和食の料理人の方を中心にご愛用いただいている和包丁。「両刃」の洋包丁に対し、「片刃」で、食材の繊維を傷つけずに美しい断面を作り出すのが和包丁の特徴です。釜浅商店では食材や調理方法に合わせて、さまざまな種類やサイズの和包丁を取り揃えています。紺野さんは柳刃、出刃、切付を使われています。
愛着メモ
  • 刺身を引く柳刃包丁
    POINT 01味や仕上がりに変化をもたらす切れ味
    刺身を引くのにぴったりの柳刃包丁は、魚料理で大活躍。紺野さんは「切り口が洋包丁で切った時とはあまりにも違う。最初は生魚を切るときだけに使っていましたが、すぐ他のものにも使うようになりました」とコメント。
  • 和包丁
    POINT 02無駄のないフォルム
    「機能にこだわればこだわるほど道具はシンプルなデザインになっていく。フライパンもワイングラスも同じです」と紺野さん。この和包丁も無駄な装飾はゼロ。
  • 刺身を引く紺野 真さん
    POINT 03手入れのひと手間
    「ハガネの和包丁が手入れに手間がかかるのは事実。使ったら洗ってすぐ拭いて乾かしておかないと、15分もしたら錆びてきます。気を使わないと難しいですよね」と紺野さんが話す通り、和包丁の手入れには気を使います。その“ちょっと手のかかる感じ”も魅力です。

釜浅商店との出会い

 

紺野さんが最初に釜浅にご来店くださったのは、「uguisu」を2005年にオープンされる時のこと。その際には、鉄打出しではない“普通のフライパン”をご購入されたそう。

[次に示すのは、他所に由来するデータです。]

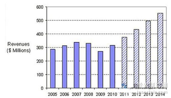 图1 功率在1kW以下各种中红外欧陆娱乐器的市场营业收入

その後は鉄打出しのフライパンをオーダーメイドで製作させていただいたり、その他の道具に関してもご購入いただいたり。釜浅で行うイベントにもたびたびご出演いただいています。 

 

紺野 真さんと熊澤 大介

紺野さんと熊澤。紺野さんの貴重なご意見が、釜浅商店の商品開発の大きなヒントにもなっている。

 

紺野さん
最初に買ったのはフライパン類。でも、鉄打出しじゃなくて、普通の良さげなフライパンだったと思います。

熊澤
そうでした。その時には僕はまだ紺野さんと直接は面識がなかったんですよね。最初にきちんとお話ししたのは、10年くらい前に雑誌の企画で合羽橋に来られた時。

ちょうど現在のうちの看板商品「釜浅の鉄打出しフライパン」をやり始めたくらいのタイミングだったので、大々的に入口付近にスペースを構えていたのに目を留めていただいて。 

 

釜浅の鉄打出しフライパン

釜浅商店の看板商品のひとつ、「釜浅の鉄打出しフライパン」。紺野さんは「紙が挟まって店頭に並んでいたのを見て、いいなあと思って」、即オーダーしてくださったそう。

 

紺野さん
あのフライパンとの出会いはまさに衝撃的と言っていいと思うんですが、とにかくすごいな、と思って。確かその場でオーダーしたんです。まさに一目惚れですよね。その時に購入したのは23cmのものでしたっけ。

熊澤
あのフライパンは1820222426という2cm刻みで展開しているのですが、紺野さんは23cmが欲しい、と。1cmなんて僕らにしてみれば誤差の範囲くらいに思っちゃうけれど、その微妙な1cmの差によって使う油の量も変わるし、料理がものすごく違ってくるというお話をしていただいたのが衝撃的でした。

 紺野さんのリクエストで厚みも少し増しています。あと、底を少し窪ませましたよね。 

 

紺野 真さんと熊澤 大介が座って話している

道具の話を始めると、お互い止まらない二人。味や仕上がりに直接影響しない道具の使いやすさにも、細かなこだわりがある。


紺野さん
肉を焼く時にフットボールのように綺麗な丸みを帯びるように、少しだけ窪ませてもらったのですが、あれには五徳の上で安定しないという欠点もありましたね。それでもいまだに使っています。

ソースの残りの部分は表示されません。